The inlet direction 70 of the fluid inlet 18 and the outlet direction 76 of the fluid outlet 20 enclose a deflection angle 78 which has a value of approximately 105° in the exemplary embodiment described.

The first flow path 66 defines a flow path inlet section 80 between the fluid inlet 18 and the profile body cascade 22, and a flow path outlet section 82 between the profile body cascade 22 and the fluid outlet 20. The flow path inlet section 82 is defined both by the wall surfaces 62 and 64 and by two wall surfaces 84 and 84 facing one another 86 which are perpendicular to the wall surfaces 62 and 64 and parallel to one another and to the inlet direction 70 .

The wall surface 84 ends with its end pointing towards the profile body cascade 22 at a curved guide surface 88, the shape of which corresponds to a profile body side surface 90 of the profile bodies 24a-24f pointing in the direction of the fluid inlet 18.
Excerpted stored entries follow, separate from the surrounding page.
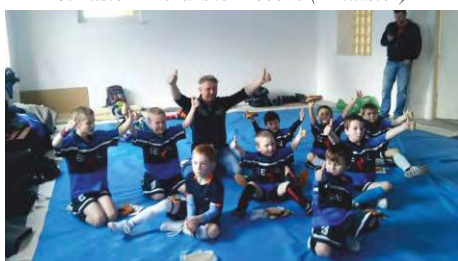
4. místo v Městečku Trnávce (8 mužstev)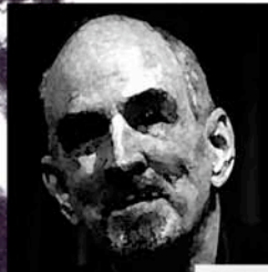
INGMAR BERGMAN (1918- 2007)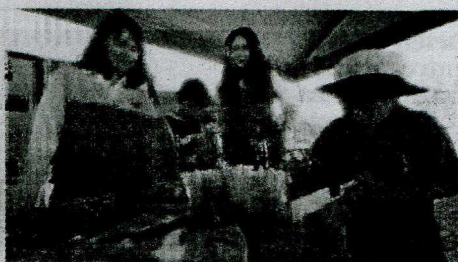
INTERÉS LEGAL. Pobladores acudieron a informarse.

La concurrida actividad se realizó en la Plaza Umachiri del distrito de Mariano Melgar y contó con la participación de instituciones como el Ministerio Público, Indecopi, Sunat, Sunarp, Defensoría del Pueblo, Beneficencia Pública, Fuerzas Armadas, entre otras.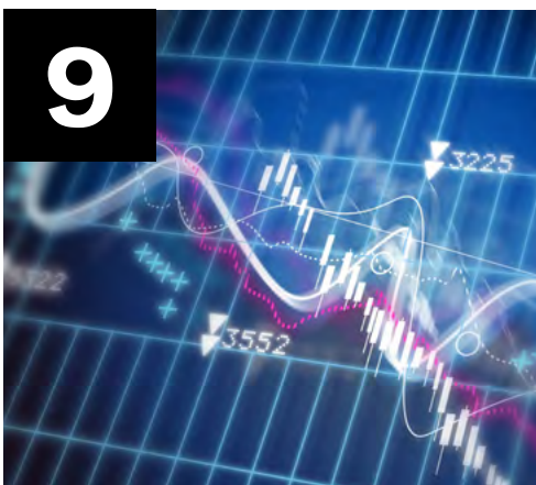
9 ความผันผวนของเราไม่เท่ากัน

15 Activities ทช. ฝึกอบรมอาชีพ จ.กำแพงเพชร และ จ.เชียงใหม่

The profile body side surface 90 forms a pressure side of the profile bodies 24a-24f. The profile body side surface 74 forms a suction side of the profile bodies 24a-24f.

An end of the wall surface 86 pointing away from the fluid inlet 18 adjoins a guide surface 92 whose shape corresponds to the side surface 74 of the profile body.
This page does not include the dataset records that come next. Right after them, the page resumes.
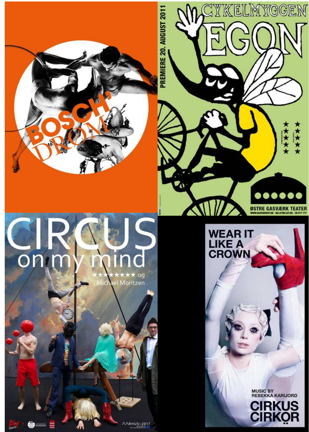
Diverse plakater fra Nycirkusforestillinger

Aarhus har med Cirkus Tværs en mange-årig tradition for at benytte cirkus som pædagogisk redskab, og kommunen satser nu på at udvide nycirkusfaciliteterne i den nye helhedsplan for Gellerup området.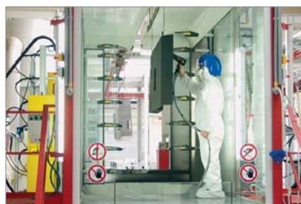
Nell'impianto di verniciatura a polveri si fissa il colore alle macchine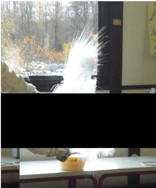
Abbildung 1: Herausschießendes Wachs – keine Entzündung

Bei nicht ausreichender Erhitzungsdauer trat keine Entzündung des Waxes auf (Abbildung 1).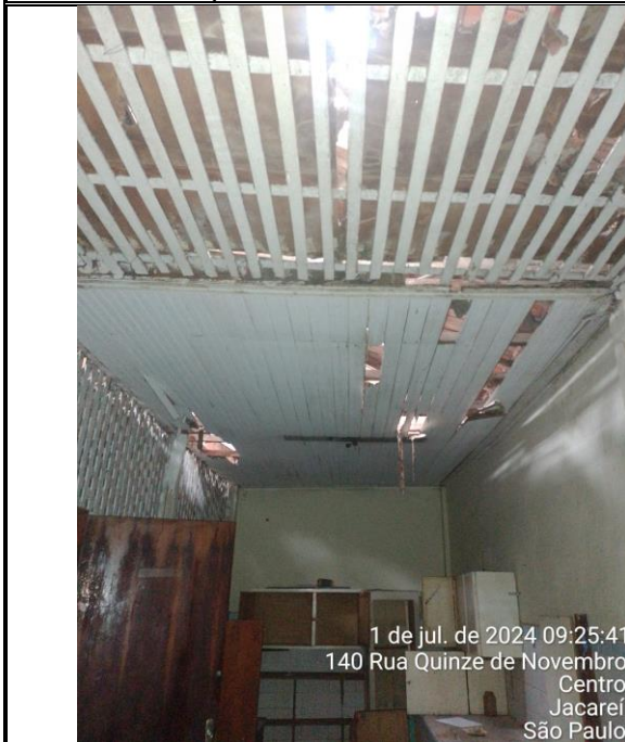
Foto 13: Forração da sala cujo telhado também está em péssimas condições de conservação;

The profile body cascade 22 is linear and defines a total of seven profile streams mung path sections 72, which extend between the guide surface 88 and the guide surface 92 and the profile bodies 24a and 24f. The profile flow path sections 72 taper in their cross section in the direction of the fluid outlet 20, so that fluid impinging on the profile body cascade 22 in the inlet direction 70 is deflected and accelerated in the outlet direction 76, so that the profile body ends 94 of the profile bodies 24a-24f pointing in the direction of the fluid outlet at supersonic speeds flowed around by the fluid flow.
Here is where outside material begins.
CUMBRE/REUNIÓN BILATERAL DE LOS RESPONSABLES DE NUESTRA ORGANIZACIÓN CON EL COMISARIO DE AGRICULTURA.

The flow path outlet section 82 is delimited opposite the profile bodies 24b-24f by a separating element 96 which is designed to be permeable to fluid and is described in more detail below.

The separating element 90 has a first side surface 98 which points in the direction of the profile bodies 24b-24f. A second side surface 100 of the separating element 96 points away from the profile body cascade 22 and delimits the second flow path 66.

A fluid-impermeable boundary surface 102 , which extends from the inlet 26 to the outlet 28 , runs parallel to the separating element 96 . Parallel to the boundary surface 102, a boundary surface 104 extends from the inlet 26 to the profile body end 94 of the guide surface 88.

As described, the separating element 96 separates the second flow path 68 from the flow path outlet section 82.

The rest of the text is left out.